Ryan Hoover ’22, a humanities major double-minoring in neural science and performance studies, currently in Fredericksburg, Virgina, invites the entire NYU Shanghai community to participate in his digital Gender Queer Fashion Show—an educational celebration of queerness, gender binaries, and fashion, followed by a community discussion with panelists ranging from local Drag Queens to experts in the fields of sexuality and gender.
“The celebration comes from community members’ catwalk video submissions and the education comes from the community panel discussion,” he says. “This project means a greater community acceptance of non-heteronormative presenting people. Whether that means queer, trans, non-binary, or other people I think that the NYU Shanghai community can do much more to be better at including everyone's personal gender presentation.”
Much of Hoover’s work looks to take away the importance and emphasis that society places on gender binaries and instead shift to further sexual and gender androgyny.
“Ever since I arrived at NYU Shanghai, I've been progressively more involved with Diversity Initiatives and programming around social equity issues,” he says. “I think this program (along with LEAD) is a great next step for NYU Shanghai to start providing students a concrete platform and logistical support to advocate for diversity and social equity.”

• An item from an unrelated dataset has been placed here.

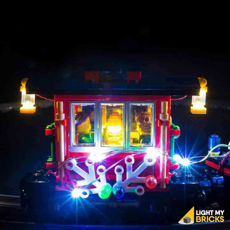 Voeg extra kerstsfeer toe aan uw LEGO® Winter Holiday Train met deze Light My Bricks LEGO® Verlichtingsset en help de locomotief de nacht door terwijl hij cadeautjes, decoraties en een vleugje magie aan de stedelingen brengt!

“I have always been fascinated by social media's ability to maintain relationships and connectivity between people no matter their location,” says biology and chemistry major Tafari Fynn ’23. “This global health crisis has tested the strength and flexibility of our social networks.”
So Tafari is creating Diversity M&M (Media and Marketing), an integrated media presence to promote virtual interaction across the many modes of participating in NYU Shanghai activities this semester. Tafari says she hopes her project will provide the community with diversity-related event details, interviews and spotlight features, reading lists, and more. The goal is to unite people all around the world in diversity dialogues.
“During these times of uncertainty and distance, social media can supplement the connectedness in our relationships and discourse,” she says. “Always and forever, we are Shanghai!”